I first thought that maybe our ISP was having problems, but we still had internet connectivity. Besides, if there was no connection to the internet, wouldn't Outlook spit back an error saying it couldn't find our POP3 server? Web pages would load at their normal speed, and we could still send outbound emails. (I verified this with a hotmail account)
I then thought I'd check and see if SpamButcher had anything to do with this. (SpamButcher is anti-spam software that runs on our server and checks our internet email accounts every 5 minutes for spam emails, downloading them locally if they are deemed spam, or leaving them at the POP server if they are deemed legitimate.) I thought maybe it was the problem... perhaps filtering out everyone's email as spam, however SpamButcher's last piece of recorded spam email was received on Saturday night at 10:38pm. It's as if all of the sudden, the SpamButcher program simply coudln't connect to our POP3 boxes anymore after 10:38pm.
First step was to call the Mail Hosting company (web2010 A.K.A HostCentric) and ask them if they're having any problems or any other users calling in complaining about mail being unretrievable. They said their systems were all running, there were no known problems, and nobody called in complaining about not being able to receive internet email. They asked us to run a tracert to their mail server. The tracert completed successfully with one row of "* * * * request timed out." - which from what I understand, doesn't matter, because IP just routes around that. Regardless, the tracert did make it to their mail server. Pinging the mail server also worked fine and gave a return in 61ms on average. So... It didn't seem like there was a connectivity problem.

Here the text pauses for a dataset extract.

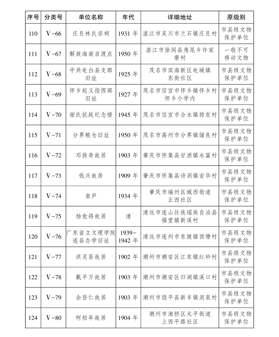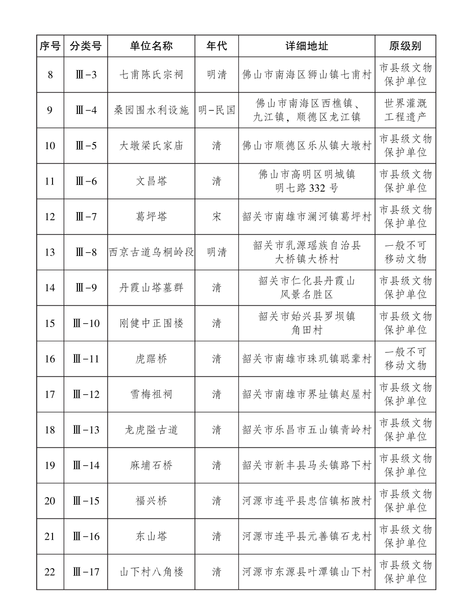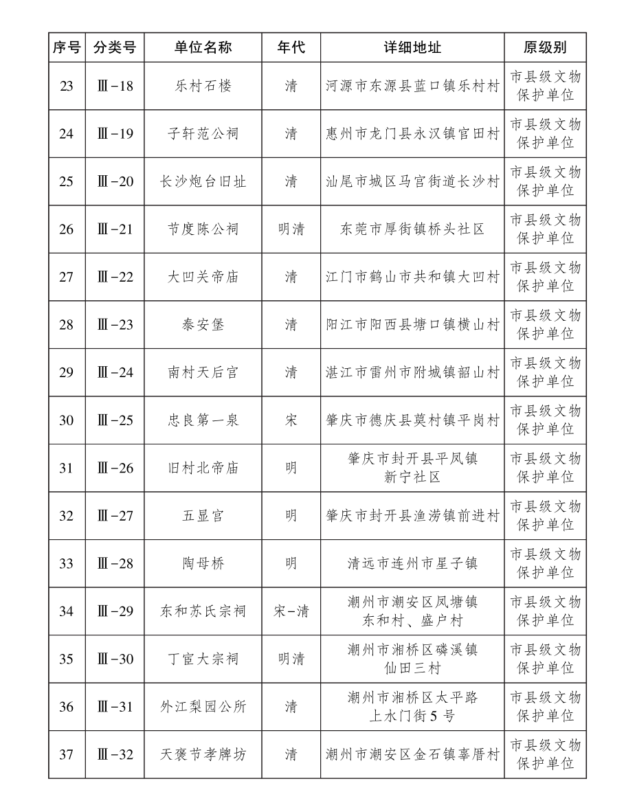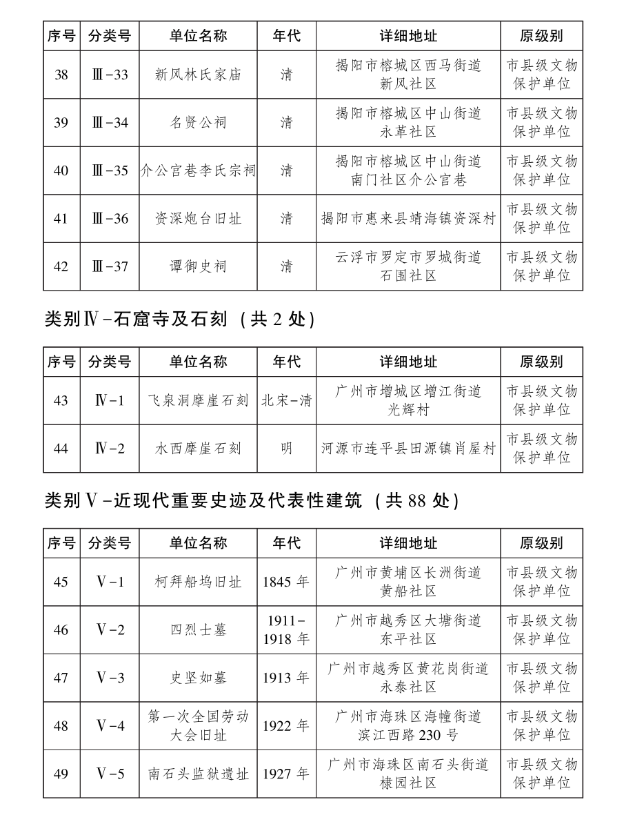 在第十批广东省文物保护单位中,包括古文化遗址3处、古墓葬2处、古建筑37处、石窟寺及石刻2处、近现代重要史迹及代表性建筑88处。
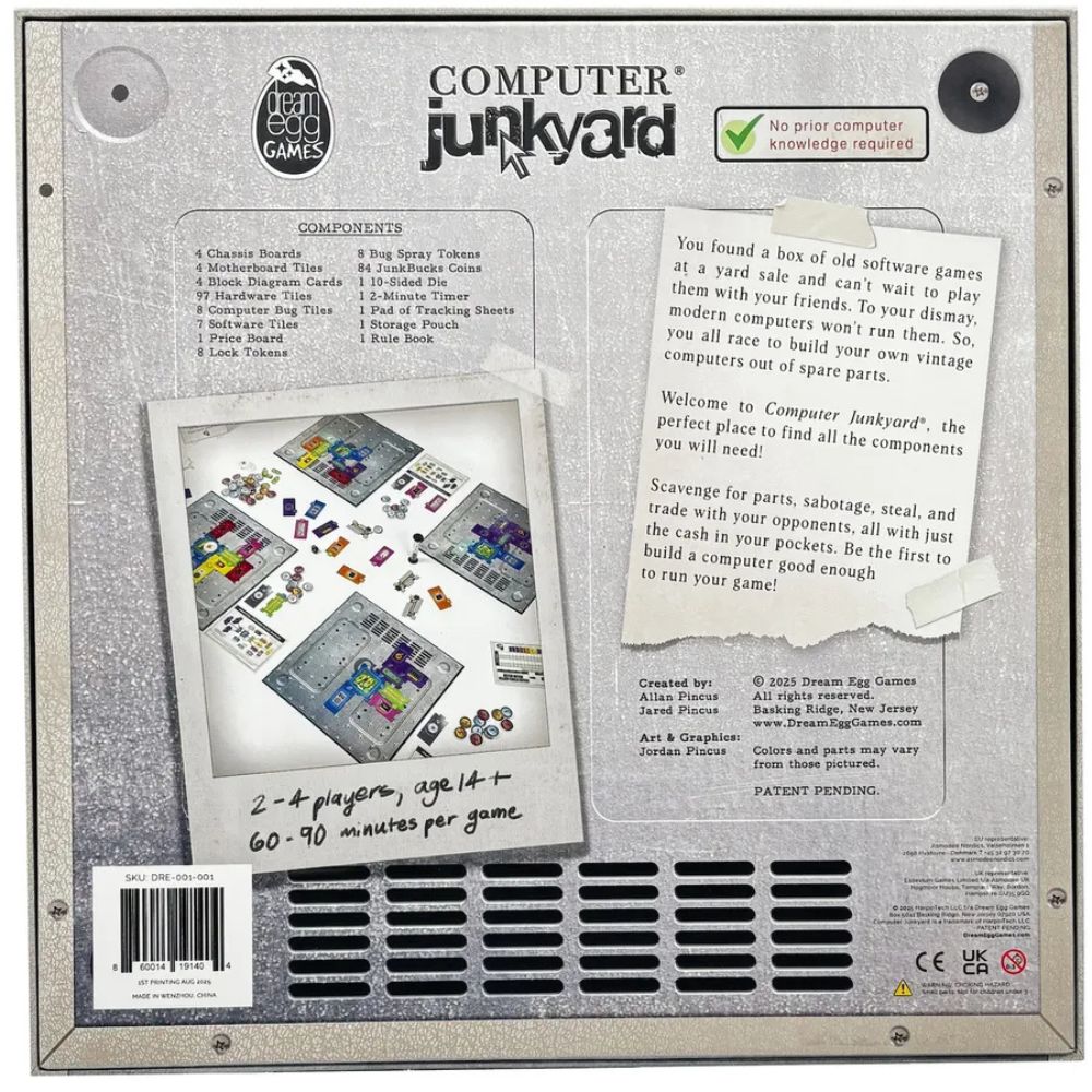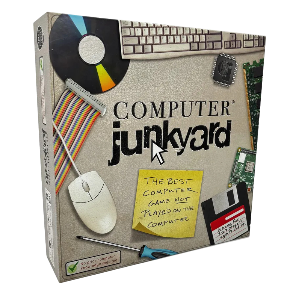 In Computer Junkyard, players assemble hardware tiles to construct a vintage computer. The first player to have a complete, bug-free computer, which meets the specifications necessary to run their unique computer game, is the winner.

The bottom line, though, was the fact that we still couldn't get any new internet email.
I sat there and thought... okay... maybe it's some sort of authentication problem. (Even though I know if the passwords were incorrect, we should have received some sort of error) So, I went into the Internet E-Mail settings inside my Outlook profile and intentionally set an incorrect password. I wanted to see if I was even getting to the point of authentication. I clicked send/receive, and after another 30 seconds, the window just went away and I had no new mail.
OK - This means authentication isn't taking place, because if it were, I would be getting a message telling me to reenter my password, which I didn't.
So... as per a request from the Mail Hosting company, I tried connecting into the POP3 server from an alternate ISP (Our main ISP is a 350k DSL line). We had a laptop with MSN8 dial-up access installed on it. I plugged it into a phone jack, dialed up, configured outlook with my mailbox settings, and bam, it worked... just like it always had. I really didn't expect it to work, so I was pretty much speechless at this point.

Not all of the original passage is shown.